▶ [Prompt]
The answer must reproduce all of the data below exactly and contain no images.
--- Given data ---
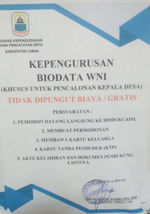 Seperti halnya, syarat wajib bagi seluruh bakal calon kepala desa agar memiliki biodata WNI yang di keluarkan secara resmi oleh dinas kependudukan catatan dan sipil (Disdukcapil) kabupaten Lebak Banten
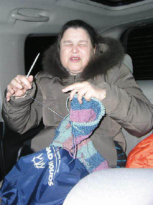 凱文在車上她還在打毛衣,因爲她從不浪費時間
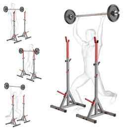 Stojany mají sedmistupňové nastavení výšky, zámkové otvory byly umístěny v intervalech 10 cm, což dává možnost přesného nastavení zařízení do jeho výšky. Při nastavení do správné výšky bude stojan zajištěn tlakovým šroubem a uzamykací tyčí – dvojitá záruka bezpečnosti během tréninku. Použili jsme vyhlazovací materiál, který je určen nejen k ztlumení odložení činky, ale také zabraňuje jeho kreslení.
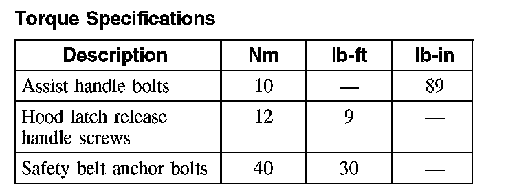 Torque Specifications:
---
▶ [Reply to the task]
 Seperti halnya, syarat wajib bagi seluruh bakal calon kepala desa agar memiliki biodata WNI yang di keluarkan secara resmi oleh dinas kependudukan catatan dan sipil (Disdukcapil) kabupaten Lebak Banten
 凱文在車上她還在打毛衣,因爲她從不浪費時間
 Stojany mají sedmistupňové nastavení výšky, zámkové otvory byly umístěny v intervalech 10 cm, což dává možnost přesného nastavení zařízení do jeho výšky. Při nastavení do správné výšky bude stojan zajištěn tlakovým šroubem a uzamykací tyčí – dvojitá záruka bezpečnosti během tréninku. Použili jsme vyhlazovací materiál, který je určen nejen k ztlumení odložení činky, ale také zabraňuje jeho kreslení.
 Torque Specifications:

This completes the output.